Now that I knew this was happening, I created a plan to capture the direct evidence of how it was happening; and I was able to do this at Van Nuys High School. The main idea here was to observe the actual behavior of LAUSD by pretending that something was occurring that was not occurring through a narrative I staged on my social media account that was not actually occurring in the classroom. This juxtaposition was legal because I had an active campaign as a Los Angeles Mayor candidate; but the mistake LAUSD made was that they never visited my classroom so to match the narrative that I created online would require them to engage in 1) giving students leading prompts 2) have administrator lead the answers by making false statements.
This action within our public school system is quite meaningful. Now, I actually had direct evidence of what is occurring in LAUSD — true treasure!

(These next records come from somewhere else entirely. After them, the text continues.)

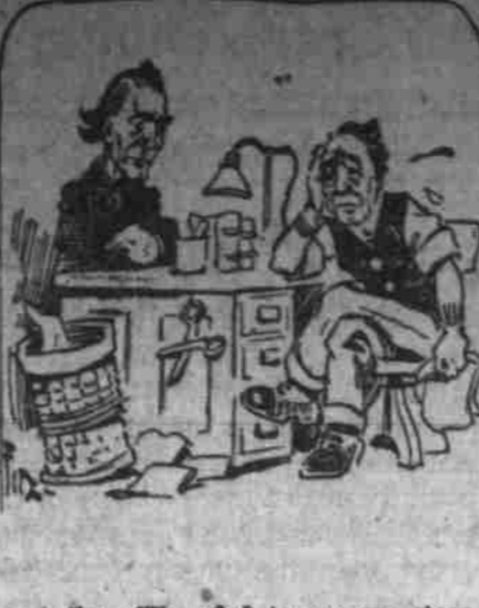
Author—"I'm glad to see my story make you weep. What part do you think so sad?" Editor—"The part where the hero has to sell his watch fob to buy a gold-headed walking stick."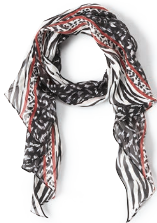
4030 Fable Scarf USA 54 | CAN 64 | UK 42 pp. 13, 23, 31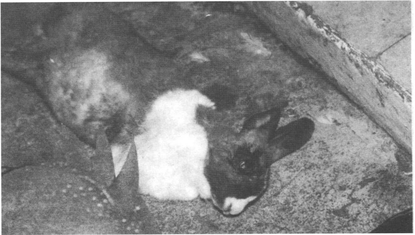
Rabbit killed, allegedly by a chupacabra, in Trujillo Alto, Puerto Rico. Note the perfectly circular aperture in the region of the animal's eye, which is characteristic of these attacks.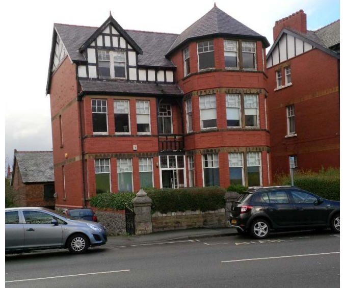
Above – 74 Conway Road, Colwyn Bay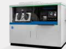
M2 Series 5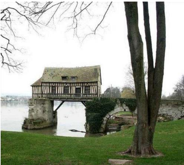
BUT THIS IS RIDICULOUS!

I really could not believe our public school leaders were acting like real villains.
“Do your best. Have a good attitude.”
What did that mean, God?
It was like what I had told my students for 23-years — do your best — it’s effort that’s important — you’ll catch on if you keep trying. Let’s make it fun!
And that’s how I became Pirate “Louis XX” .
Why would I behave in such a way?
It so happens that I have a real passion for interpreting real events to tell a story about reality. Reality is challenging, but as a tennis player I knew what it was like to be down and win. 5 games to Zero, Luv, Forty. I had felt these emotions on the court — inundated with doubt, upset by at myself, losing faith in the future — “it’s when you get present on the court that you have a real chance to win.”
I didn’t know what it meant to win against an opponent that all of our tax money funded so I dug deeper, researched — I needed an idea to incept — letters, words to convey the idea of a choice — a symbol — a logo — to create — a “Yello Bit Road” choices, signals within that match the exterior world — the validation of our own compass — a “Yello Bit Road”.